Huya’s overall revenue was also hammered in the third quarter by a massive 68% plunge in its advertising revenue to 116 million yuan. The company blamed that big decline on “a significant decrease in content sub-licensing revenues.”

Notably, Huya’s expenses dropped just 20.7% year-on-year in the latest quarter, far less than its rate of revenue decline. As a result, the company’s gross margin got squeezed and fell 0.5 percentage points to 13.9% from 14.4% a year earlier. That filtered down to the company’s bottom line, with its profit contracting to 12.1 million yuan from 60.4 million yuan a year earlier.

The company was profitable in the first three quarters of the year, but said it expects its expenses to spike in the fourth quarter due to a number of large gaming events during that period. As a result, it could post a loss in the quarter, said Ashley Wu, the company’s vice president of finance and also its other co-acting CEO on the earnings call.

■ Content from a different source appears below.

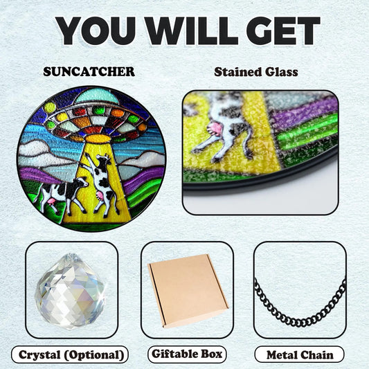 Netecom Funny Alien and Cow UFO Stained Glass Suncat...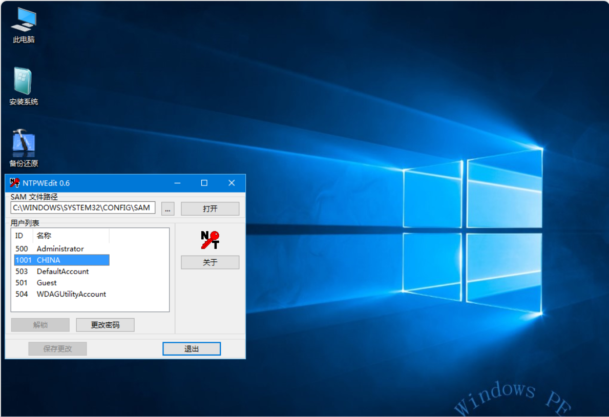 如果为系统设置了密码,但忘记了密码,则不需要重新安装系统,可以使用NTPWEdit更改XP、Win7、Win8和Win10系统的本地引导密码。 DISM上的帐户管理可以清除windows7、windows8和windows10系统的本地密码,但不支持XP系统。

Analysts are expecting Huya to report a fourth-quarter loss, but see it returning to profitability next year. Current market expectations for those profits give Huya a forward price-to-earnings (P/E) ratio of 64, which seems quite high. By comparison, DouYu and Kuaishou (1024.HK), another major livestreaming company, currently trade at more muted forward P/E ratios of 14 and 19, respectively.

That appears to show investors are relatively bullish on Huya’s turnaround story, building big expectations into its stock price. Failure to meet those expectations, however, could pressure the shares, potentially endangering the company’s chances of re-entering the “unicorn club.”